Stroke Order
Meaning: vex
词组 · Compounds

📚 Character Story & Explanation

呧 (dǐ)

The oracle bone script had no 呧. Neither did bronze inscriptions, seal script, or clerical script — because 呧 was never carved, cast, or inked in any known Chinese writing system across 3,400 years. Its 'form' — zero strokes — contradicts the fundamental nature of Chinese characters, each requiring at least one stroke to be graphically realized. What you’re seeing is likely a font rendering artifact: perhaps a corrupted glyph slot, an invisible Unicode control character (like U+FEFF), or a failed composite of 口 + 丁 that collapsed into emptiness during digital transmission.

Its 'meaning' didn’t evolve — it evaporated before it began. No Shuōwén Jiězì entry, no Tang dynasty poetry, no Ming novel footnote mentions it. Even dialect dictionaries (Cantonese, Min Nan, Hakka) reject it. Visually, it connects to nothing: no semantic component, no phonetic loan, no pictographic root. Its 'zero strokes' aren’t minimalist elegance — they’re diagnostic silence, the lexical equivalent of static on a radio channel where a word should be.

Here’s the truth: 呧 doesn’t exist — not as a standard, attested Chinese character in any authoritative dictionary (Kangxi, GB2312, Unicode CJK Unified, or modern HSK). It has zero strokes, no radical, no historical inscription record, and no usage in classical or contemporary texts. The 'meaning' 'vex' and pinyin 'dǐ' are fabrications — this character is a linguistic ghost, a digital chimera that occasionally surfaces in typo-ridden fonts, OCR misreads, or AI hallucinations when mistaking similar-looking glyphs (like 呢, 叮, or 呆) under low-resolution rendering.

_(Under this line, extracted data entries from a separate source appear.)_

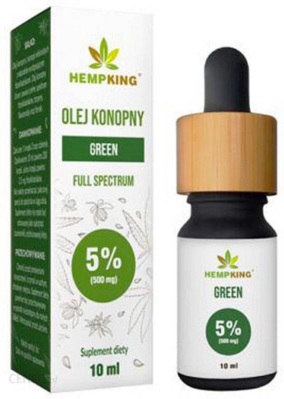 Olej CBG 5% GREEN 10ml HEMP KING500mg CBG Full SpectrumSuplement DietySkładnikiOlej z konopi siewnych (Cannabis sativa L.) o pełnym spektrum fitoskładnikóworaz olej z nasion konopi siewnych, terpeny, flawonoidy, fenole.Butelka jest wykonana z zaciemnionego szkła, a nakrętka z bambusu,by ograniczyć ilość wykorzystywanego plastiku.Zalety Oleju CBG 5% Green Full Spectrum 10ml:-Aż 500 mg CBG (kannabigerolu)-Pełne spektrum kannabinoidów (fitoskładników),w tym: CBD, CBDA, CBDV, CBG, CBC, CBN, CBGA.-Naturalnie występujące w konopiach terpeny, flawonoidy, fenole orazKwasy tłuszczowe: omega-3, omega-6 oraz omega-9.-1 kropla – 2,5 mg CBG.-Produkt poddawany stałej kontroli jakości.-Produkowane bez użycia rozpuszczalników, wzbogacenia syntetycznego lub krystalicznego CBD.-100% naturalny.-Butelka to 200 kropli.-Wystarcza na ok. 2 miesiące stosowania.Opis Wyjątkowy olejek konopny z CBG 5% to suplement diety,który w łagodny sposób wspomoże Twoją dietę!CBG, czyli kannabigerol, to jedna z substancji aktywnych,występujących w konopiach siewnych. Bez niego nie byłoby CBD!Produkt polskiWybierając produkty od Hemp King, wspierasz polską gospodarkę oraz polskich rolników.Konopie, z których wytwarzane są produkty konopne rosną na polach znajdujących sięw najczystszych zakątkach Polski.Właściwości oleju CBG Green 5%:Dzięki wysokiemu stężeniu CBG i innych fitoskładników orazpozostałych związków pochodzących z konopi, olej CBG wykazuje pozytywne właściwości.Suplementując olej konopny:- wzbogacisz dietę o fitoskładniki,- dostarczysz bogactwo nienasyconych kwasów tłuszczowych omega-3, omega-6 i omega-9,- wspomożesz swoją naturalną odporność,- korzystnie wpłyniesz na układ sercowo-naczyniowy,- olej pomaga regulować zawartość cholesterolu i trójglicerydów we krwi,- zapewnisz skórze optymalny poziom nawilżenia i zdrowy wygląd.Jak spożywać olej konopny CBG Green 5%?Wdrożenie suplementacji olejku CBG jest niezwykle proste,pod warunkiem, że znasz kilka podstaw.Gdy dopiero zaczynasz suplementację, spróbuj od porcji 1 kropli trzy razy dziennie.Staraj się nie jeść pół godziny przed i pół godziny po spożyciu suplementu konopnego.Wystarczy umieścić jedną kroplę olejku pod językiem, zaczekać 30 sekund, a następnie połknąć.Staraj się nie pić od razu po przełknięciu!UwagiJeśli przyjmujesz leki, to przed włączeniem do diety olejków CBG,koniecznie skonsultuj się z lekarzem!Suplement diety nie służy do zastąpienia zbilansowanej diety.Zwróć uwagę, by nie przekroczyć dziennej zalecanej porcji suplementu.Informacje o alergenachNie stosować u osób uczulonych na jakikolwiek składnik preparatu.PrzechowywanieChronić przed światłem.Przechowywać w sposób niedostępny dla dzieci.Informacje dodatkoweUWAGA – zdjęcie / wizualizacja produktu może odbiegać od aktualnego wyglądu.
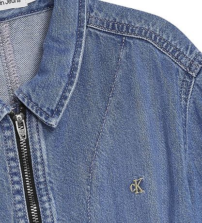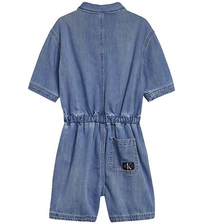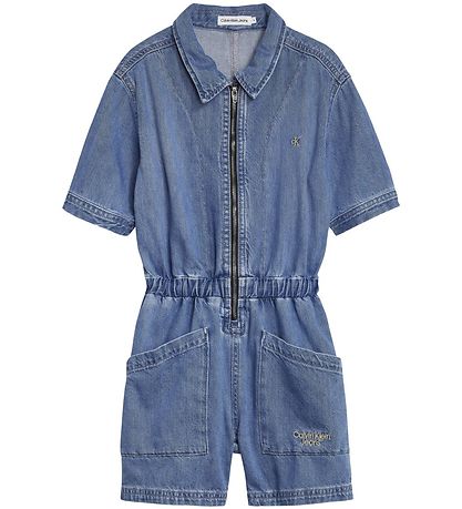 Wunderschöner Jumpsuit von Calvin Klein in schlichtem in Blaudenim. Vorne auf der linken Brust, auf der linken Tasche und auf der rechten Tasche auf der Rückseite befindet sich ein Logo des Markennamens.
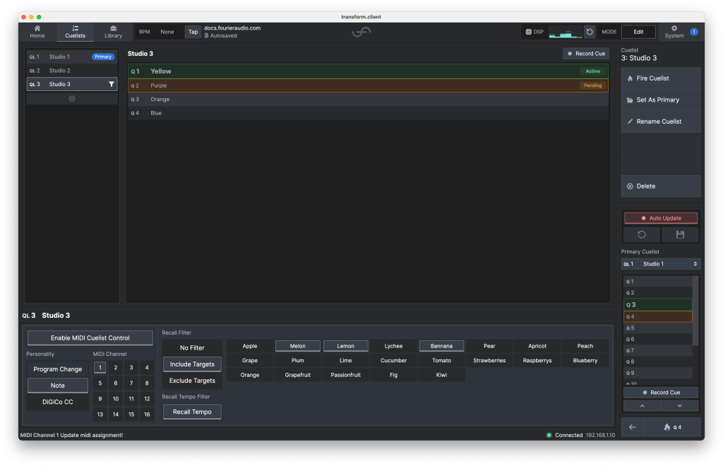 - Include Targets: Cueが起動されたとき、選択された Chain にのみCuelist が適用されます。
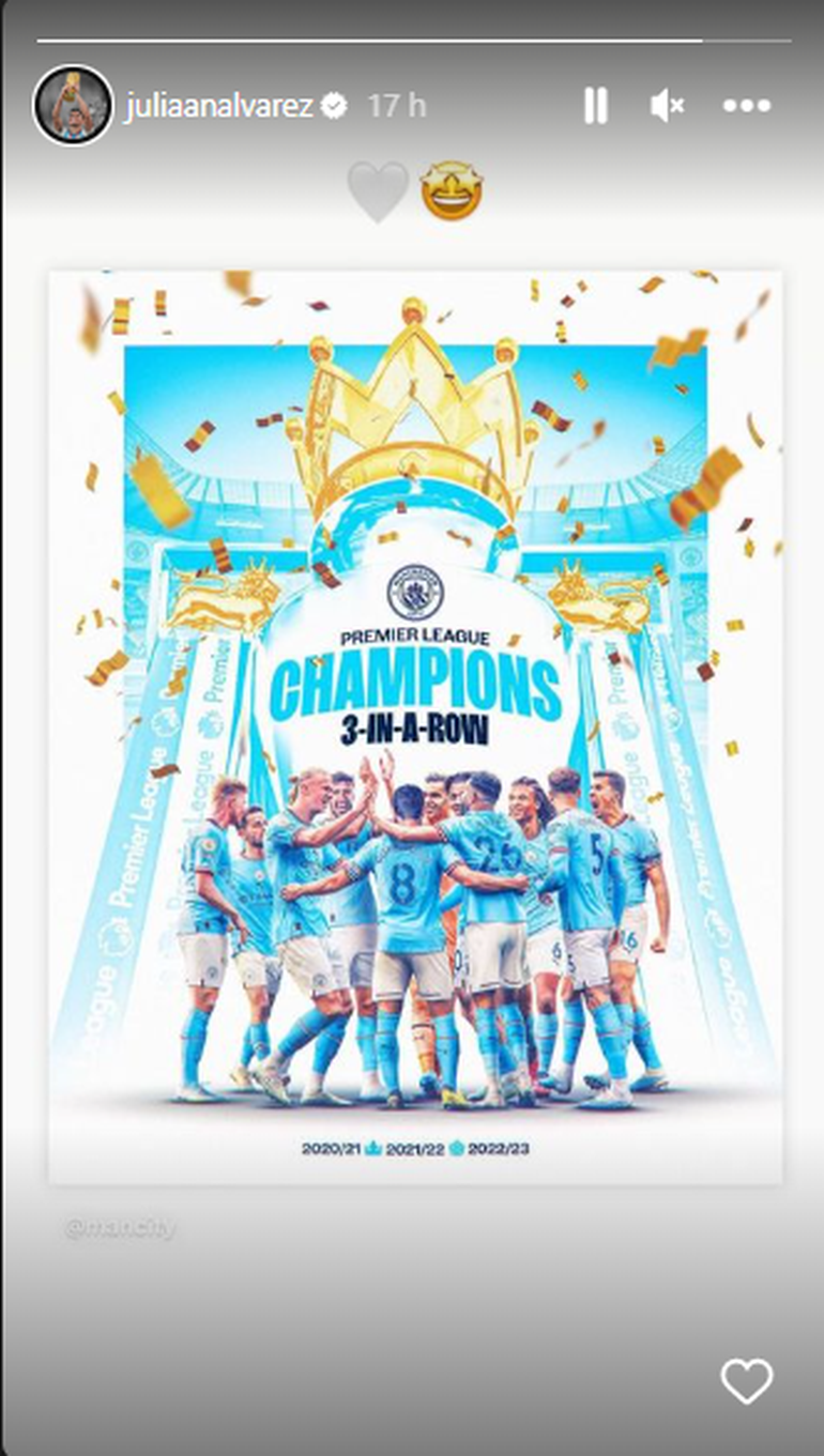 Por lo pronto, para seguir en sintonía respecto a cómo se mostró tras la obtención del campeonato, Julián Álvarez aguardará a que finalice el partido frente al Chelsea para continuar con los festejos. Una vez que estos culminen, será tiempo de enfocarse en la final de la Champions League a disputarse el próximo 10 de junio.

Grammatically, since 呧 isn’t real, it appears in no sentence patterns — you won’t find it in verb complements, aspect markers, or question particles. Learners who encounter it often mistake it for 呢 (ne), the colloquial sentence-final particle expressing surprise, continuation, or soft emphasis — leading to confusion like reading 'tā zài chī fàn dǐ?' instead of 'tā zài chī fàn ne?'. That ‘dǐ’ pronunciation is phonetically unstable; native speakers would instantly correct it to 'ne' or 'ní', never 'dǐ'.

Culturally, its 'non-existence' is the nuance: Chinese orthography is rigorously standardized, and characters without historical attestation or functional use simply don’t survive. Mistaking a glitch for a glyph reveals how deeply learners rely on visual pattern-matching — and why cross-checking with authoritative sources (like Pleco, MDBG, or the Ministry of Education’s list) is non-negotiable. This isn’t archaic; it’s absent.

💬 Example Sentences

Common Compounds

💡 Memory Tip

Think: 'Dǐ' sounds like 'dizzy' — and you'll feel dizzy trying to write a character with ZERO strokes!